The key to making good crystal meat jelly is: one soak, two boil and three clean up. Use these three strokes, so you get the master-class crystal skin jelly.
One bubble: this is a step that we are more likely to ignore, the meat skin to use. Be sure to use water to soak for two hours, conducive to the next step of scraping oil, hanging skin. The meat skin will not be so raw, the operation is also easy.
A cleanup: before the meat skin is put into the pot, use a vegetable knife to scrape off the skin of the pig hair, grease, dirt. The cleaner you scrape the grease, the clearer the soup will be.
One boil: add water to the pot and put in the meat, counting from the boiler, cook for 10 minutes, cease fire
Second cleanup: pull out the boiled meat into warm water to wash, and then put on the board to scrape off the oil on the meat
Second boil: once again, the pot of water to add the boiler, put the meat, and then boil for 10 minutes.

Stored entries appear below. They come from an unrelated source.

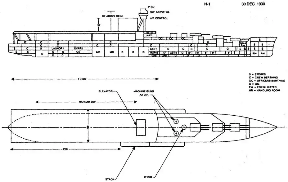 Особо отметим тот факт, что если в других странах крейсера-гидроавианосцы несли разведывательные самолёты и служили для ведения разведки при эскадре, то в американском флоте «крейсер с полётной палубой», получивший обозначение CLV, предназначался, прежде всего, для воздушного прикрытия быстроходных крейсерских групп, и лишь затем рассматривался как ударное средство.
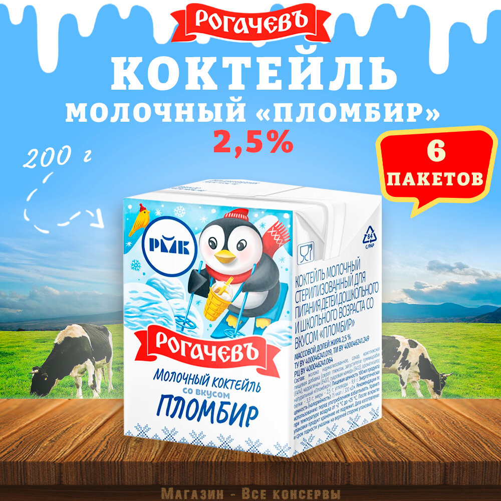 Молочный коктейль "Пломбир", 2,5%, Рогачев, 6 шт. по200 г интересное:
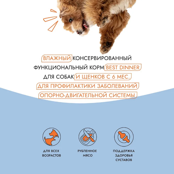 Консервы Best Dinner Exclusive Mobility для собак и щенков всех пород, для опорно-двигательного аппарата. Говядина 340гр
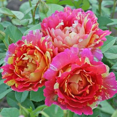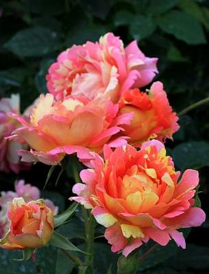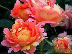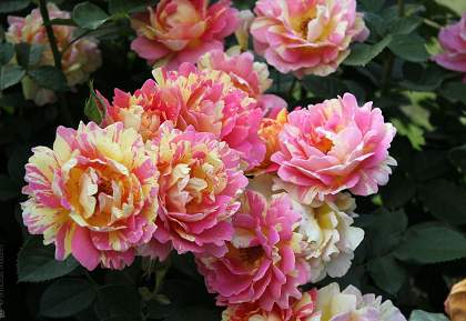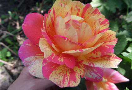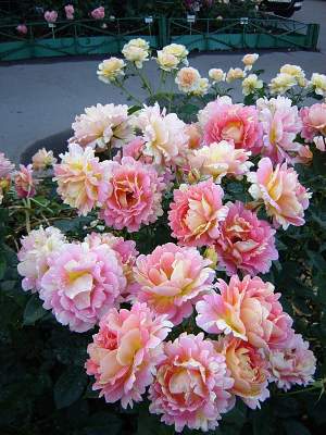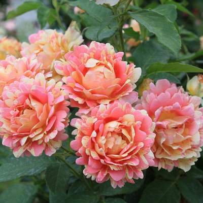 Роза шраб Rose des Cisterciens (Роз де Систерсьян). Цветки крупные (10 см), махровые, с тонкой штриховкой светло-желтого и насыщенно-розового цвета, с вырезными лепестками. Цветки пахнут цитрусами, розой и фруктами.
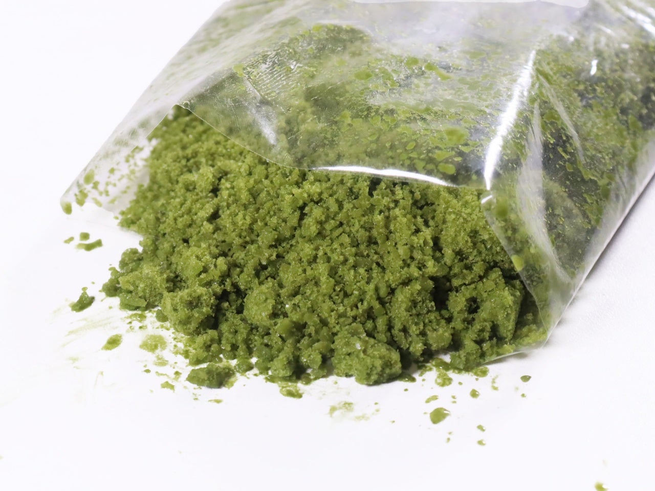 ②冷凍のまま、軽くもみほぐしてカップに入れてください。解凍しても使えます。

Three cleaning: fishing out the skin of the meat also put into the warm water to wash, once again well cleaned. Then shredded into the pot to cook for about 1 hour, you can become crystal clear meat skin jelly This is the original color jelly, also known as white crystal jelly. When making jelly, the fat and grease on the meat skin must be removed cleanly, which is not only good for health, but also not greasy and not greasy, which is the key to make the taste enhancement. The skin of the meat should be cut as finely as possible, the finer the better the result. Meat skin jelly contains a lot of collagen, which has a certain protective effect on women's beauty and on the human heart.
Because of the crystal meat jelly flavor is light, eat when the best mix some sauce: vinegar, sugar, soy sauce, chili oil, garlic, mix well and drizzle on the jelly.